Start of COLLECTED MATERIAL

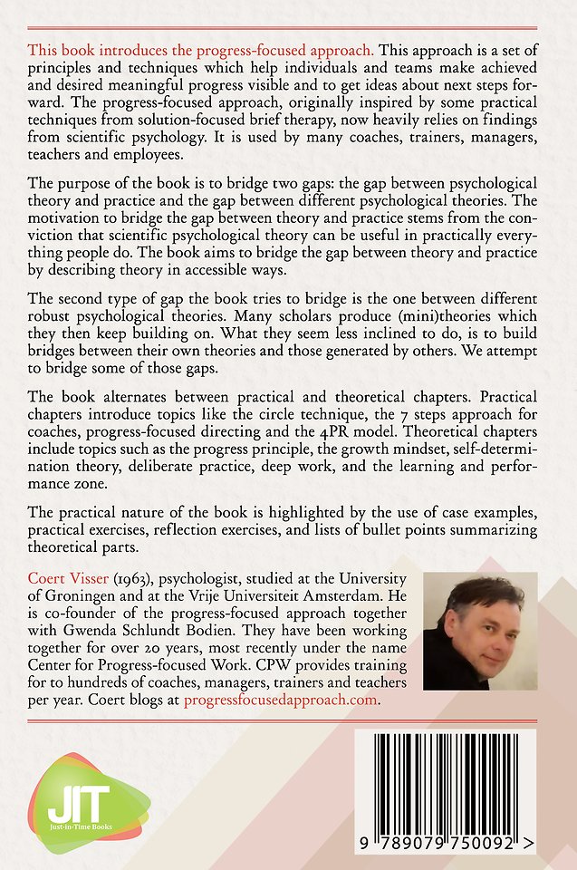 This book introduces the progress-focused approach. This approach is a set of principles and techniques which help individuals and teams make achieved and desired meaningful progress visible and to get ideas about next steps forward. The progress-focused approach, originally inspired by some practical techniques from solution-focused brief therapy, now heavily relies on findings from scientific psychology. It is used by many coaches, trainers, managers, teachers and employees.
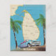 Illustrated map of Sri Lanka (plus surrounding islands) in a beautiful vintage detailed style, decorated with a old autombile.
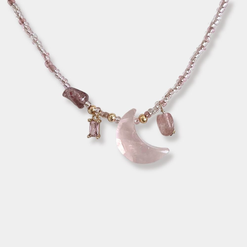 This handmade necklace features 14k gold filled details along with strawberry quartz pebbles and a sparkling faceted rose quartz moon charm as its centre piece. Finished in tarnish resistant, gold plated stainless steel and fine Czech glass beads.

End of COLLECTED MATERIAL

* **THE PROBLEM**
Copy the listing above verbatim; the pictures it contains are to stay out.

* **TASK ANSWER**
 This book introduces the progress-focused approach. This approach is a set of principles and techniques which help individuals and teams make achieved and desired meaningful progress visible and to get ideas about next steps forward. The progress-focused approach, originally inspired by some practical techniques from solution-focused brief therapy, now heavily relies on findings from scientific psychology. It is used by many coaches, trainers, managers, teachers and employees.
 Illustrated map of Sri Lanka (plus surrounding islands) in a beautiful vintage detailed style, decorated with a old autombile.
 This handmade necklace features 14k gold filled details along with strawberry quartz pebbles and a sparkling faceted rose quartz moon charm as its centre piece. Finished in tarnish resistant, gold plated stainless steel and fine Czech glass beads.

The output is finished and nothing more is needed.